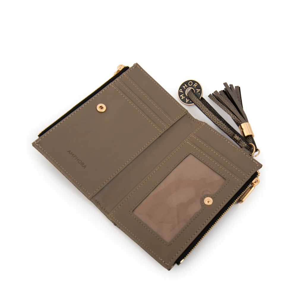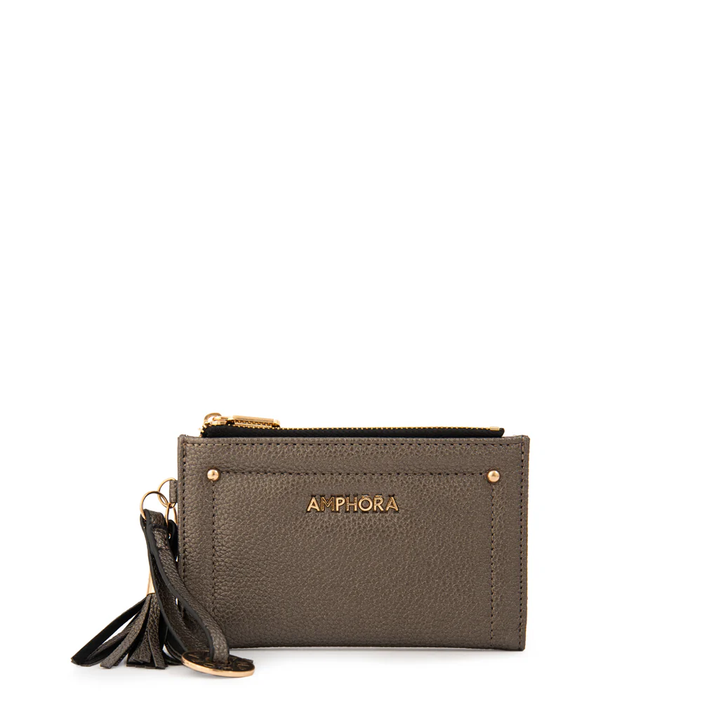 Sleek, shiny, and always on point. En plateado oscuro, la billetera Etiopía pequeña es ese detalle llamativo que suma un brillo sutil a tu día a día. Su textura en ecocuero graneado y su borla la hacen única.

=-=-=

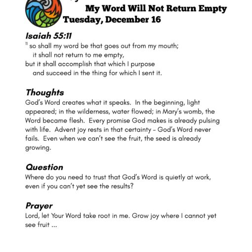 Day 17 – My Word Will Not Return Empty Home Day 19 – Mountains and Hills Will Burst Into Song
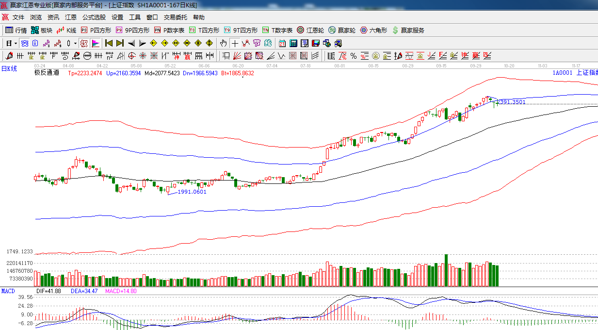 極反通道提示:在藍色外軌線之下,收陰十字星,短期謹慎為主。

=-=-=

■ **Problem to work on**
Leave the pictures out, and transcribe exactly the lines above starting at the one that contains "Day 17 – My" and ending at the one that contains "極反通道提示:在藍色外軌線之下,收陰十字星,短期謹慎為主。".

■ **Problem solution**
 Day 17 – My Word Will Not Return Empty Home Day 19 – Mountains and Hills Will Burst Into Song
 極反通道提示:在藍色外軌線之下,收陰十字星,短期謹慎為主。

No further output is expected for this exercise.